The risk that AI diagnoses discriminate against marginalized communities is amplified by historic human biases that could exist in the EHRs used to train models. Due to historic barriers to accessing healthcare resources, oppression and discrimination, under-served populations – especially people of color — are less likely to have comprehensive medical records. If models are trained on EHRs that are inaccurate only for people of color, they will be disproportionately worse at diagnosing these individuals. Moreover, certain algorithms have been trained to predict for diseases using variables like health care costs as proxies for health. When this proxy selection occurs, algorithms have been shown to systematically underestimate the needs Black patients compared to white patients, even when those patients had similar markers of health. Such discriminatory outcomes, rooted in existing racial disparities in healthcare access, could heighten the historically motivated lack of trust between minority populations and health care providers.
Regardless of the efficiency and staffing benefits that AI could bring to healthcare institutions, healthcare decisions are too high-risk to be automated using potentially biased models. Due diligence tests and safeguards must be enforced before predictive AI is widely adopted for medical diagnoses. There is increasing recognition that defining fairness in ML applications is difficult and that not all fairness metrics can be simultaneously satisfied.

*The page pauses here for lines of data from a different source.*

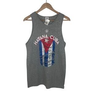 NWT New Havana Cuba Flag Delta Pro Weight Gray Tank Top Sleeveless Size Small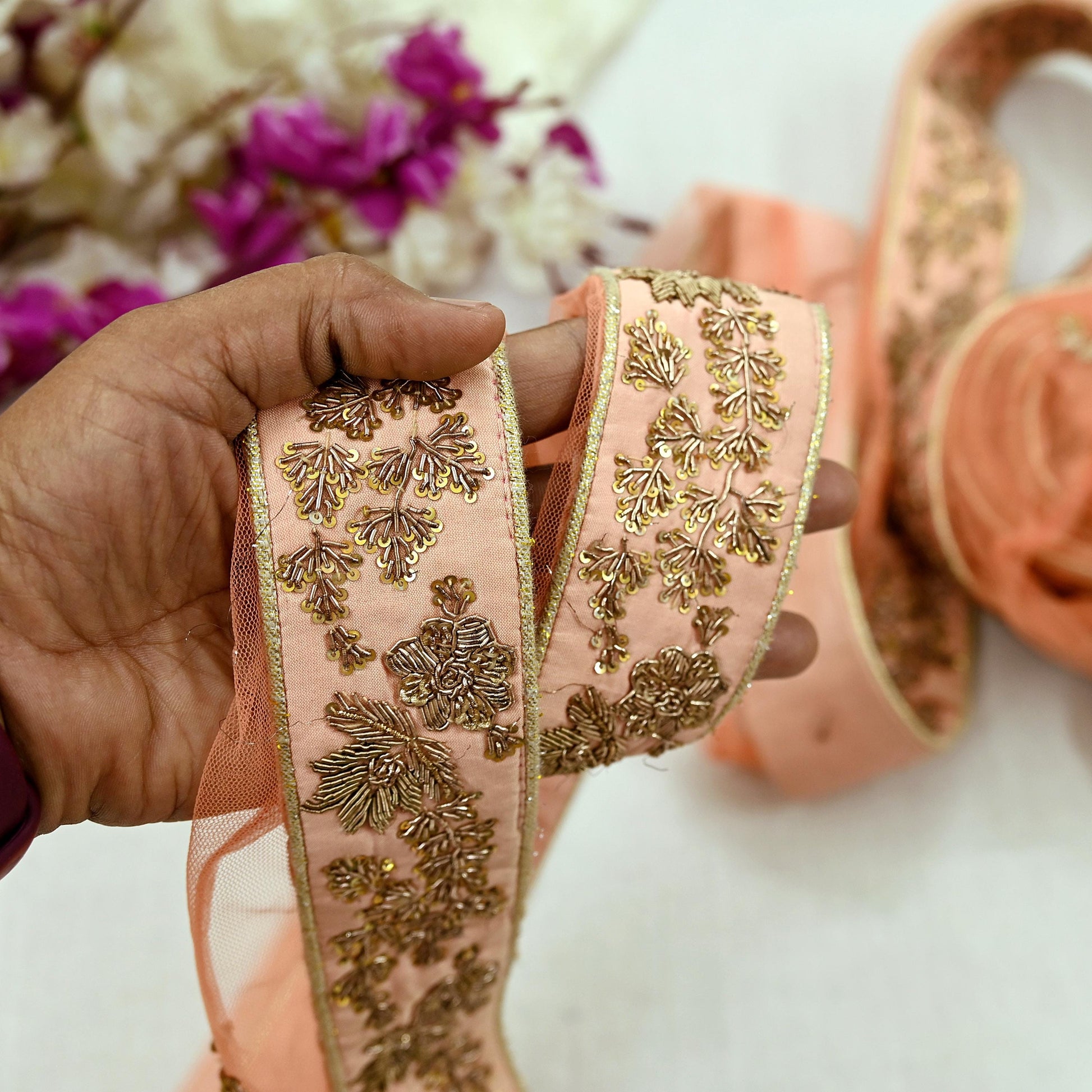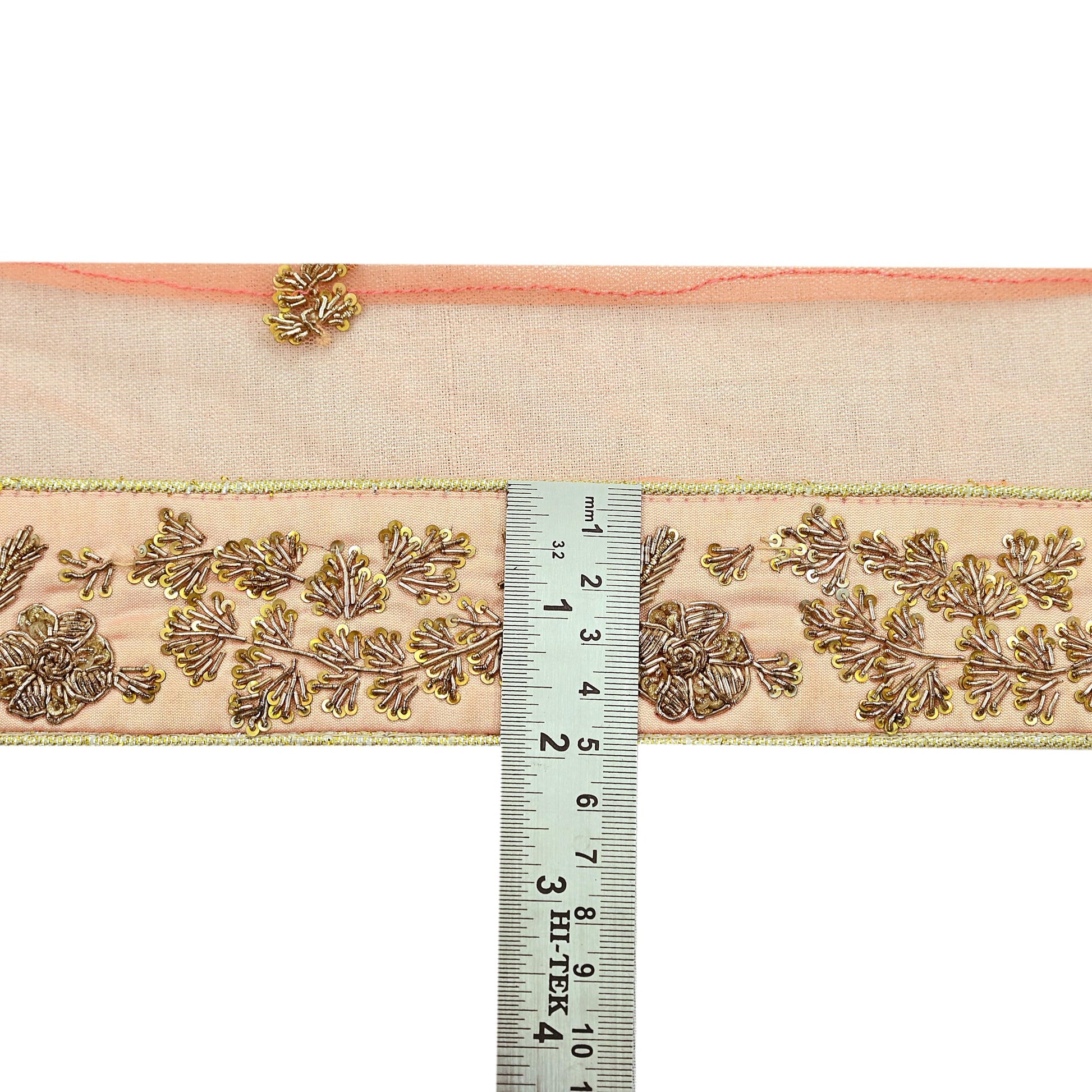 Indian Vintage Peach Sari Border Hand Embroidered 1yd Craft Trim Lace Sewing Net/Mess Ribbon Recycled Sari Border Zardozi/ Dabka Zari
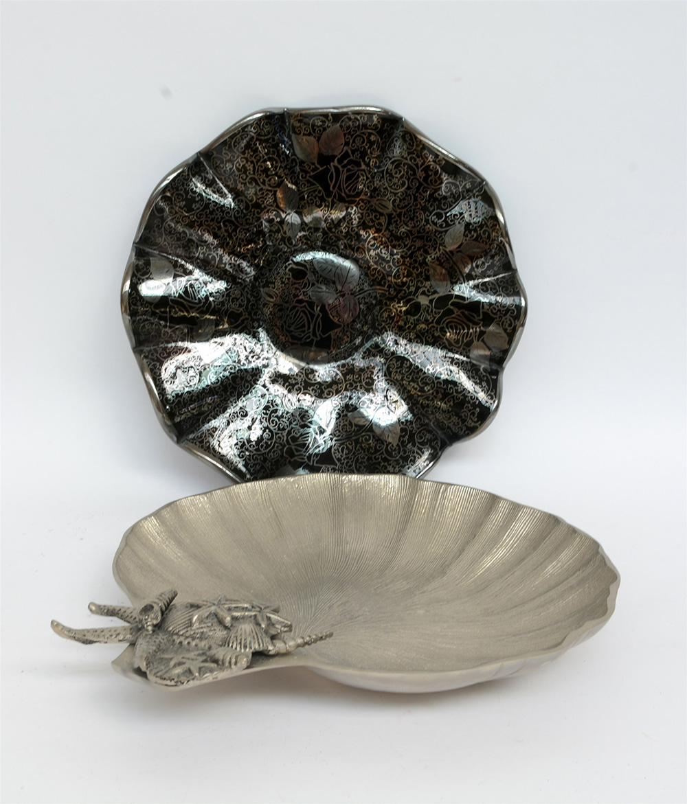 Lotto composto da un centrotavola a fazzoletto in vetro ametista con applicazioni in foglia d’argento e un centrotavola in alluminio a valva di conchiglia (l max cm 40) (lievi difetti)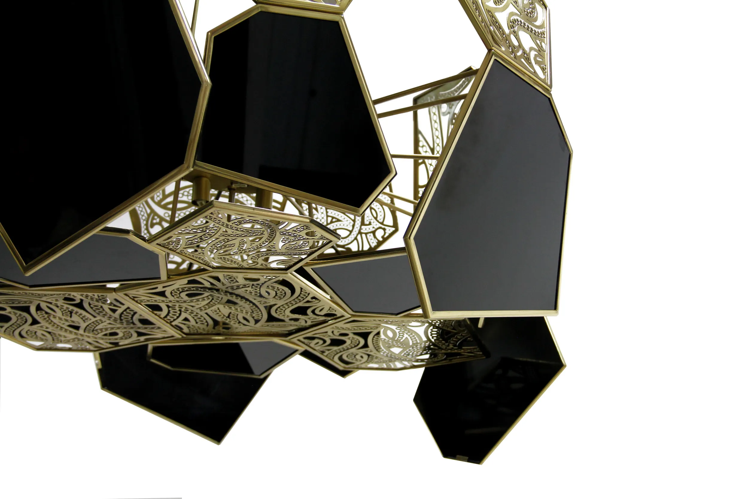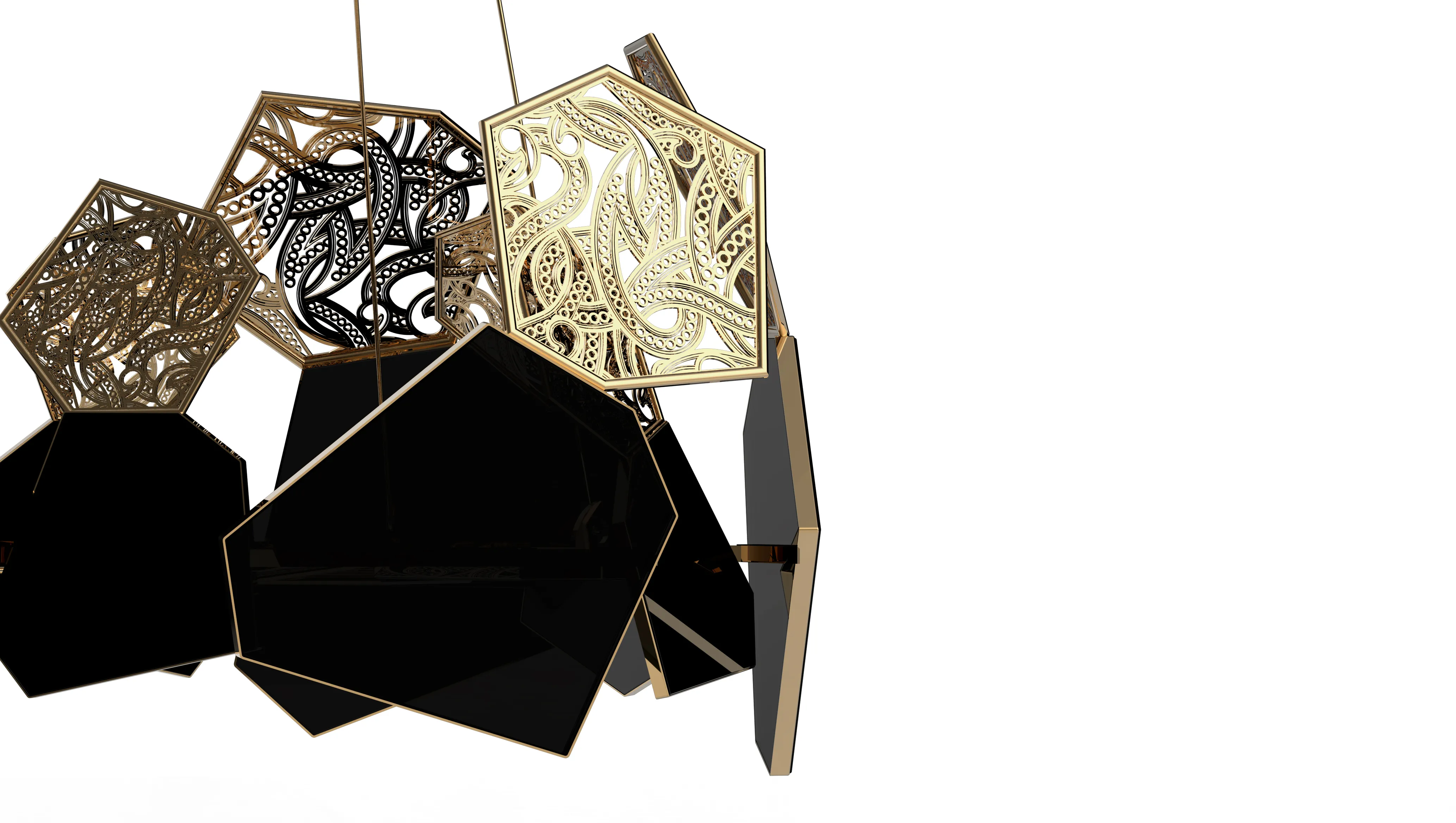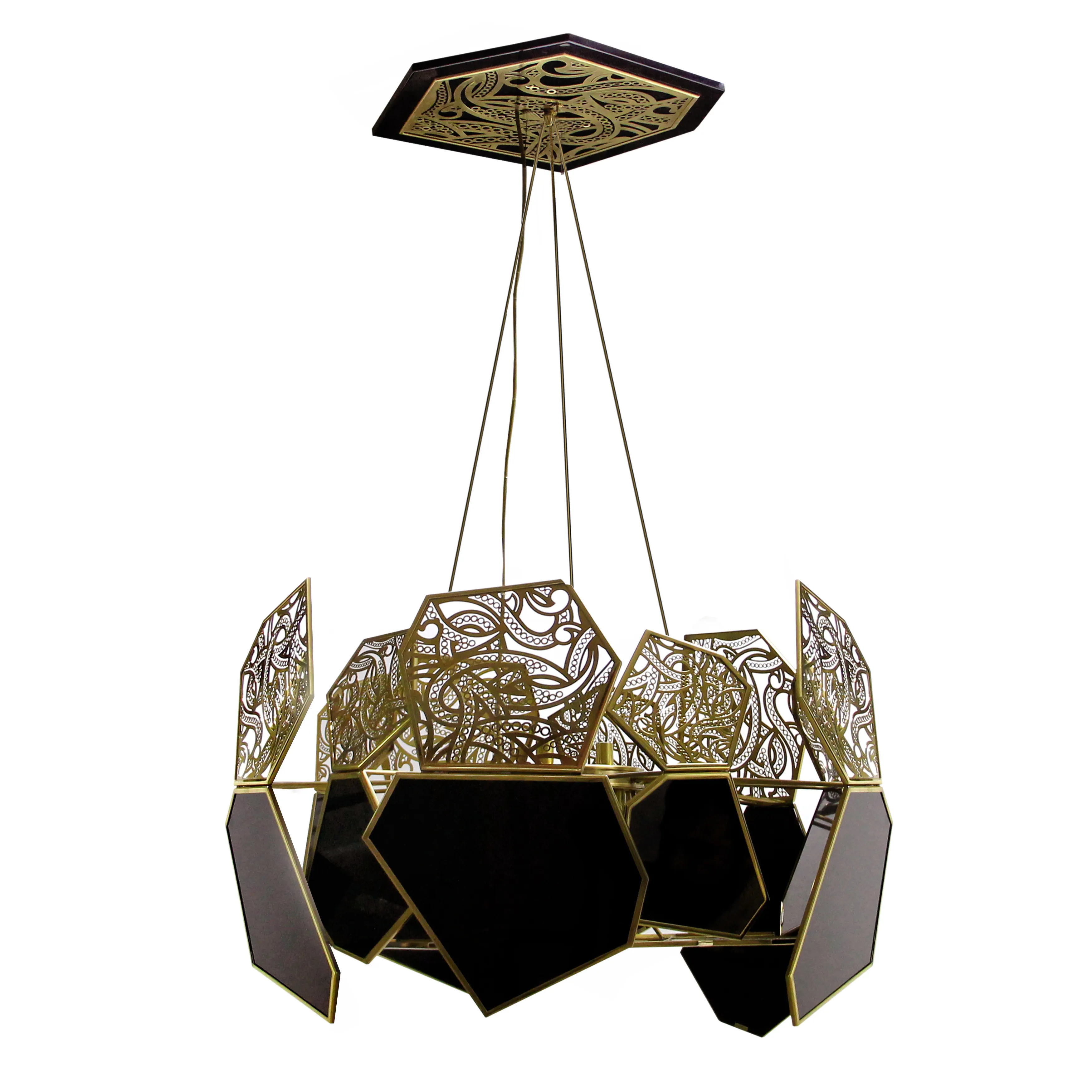 Эта изящная и элегантная люстра завораживает публику. Вы будете очарованы замысловатыми витками и изгибами люстры в золотых спиралях; искусно вплетаясь в четкие полированные линии шестиугольного силуэта. Изящный узор металлических деталей дополняет крашеную деревянную деталь этого изделия.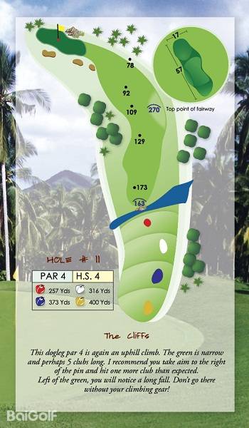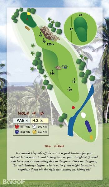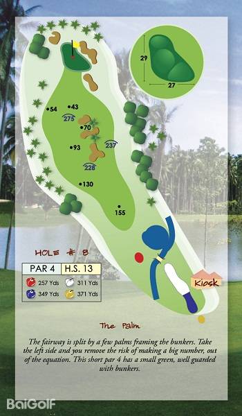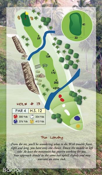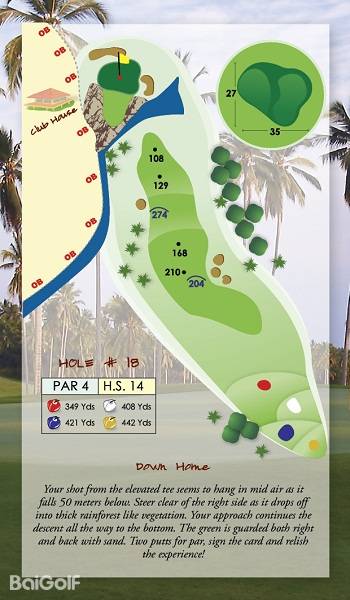 苏梅乡村俱乐部的 18 个球洞各有特色,挑战性十足。从陡峭的上坡和下坡,到蜿蜒曲折的球道,这些球道切入森林,蜿蜒绕过悬崖和溪流。这是一座短距离的山地球场,因此该球场注重击球的精准度,而非距离长短。大多数球洞的球道都很小,但宽阔的果岭让击球变得更容易一些。

Nonetheless, audits should be conducted to assess whether any AI systems used for diagnosis are biased. In particular, a complete and robust analysis must be made of the accuracy of such predictive models for each group in its training data. Differentiating the model’s accuracy by gender, age, race, and ethnicity would be possible given that EHRs used in training data retain typically retain such demographic details. However, attention must be made to the privacy and other legal implications of doing such analysis. Audits should also be used to assess the composition of EHR training data to garner whether it adequately represents the populations that the AI system will be deployed upon. Where this auditing can be achieved through an external entity, such as the FDA, this could provide additional impartiality.
Performing audits and analyzing performance metrics are necessary steps to achieving accountability for predictive AI systems in the healthcare domain. Human oversight will also be an important factor. Any attempts to integrate AI-based diagnoses into healthcare decision-making should: center patient consent and autonomy; adequately inform doctors of the expected accuracy and performance metrics of the AI; and ensure that doctors always deliver the final judgement on diagnoses produced by the model.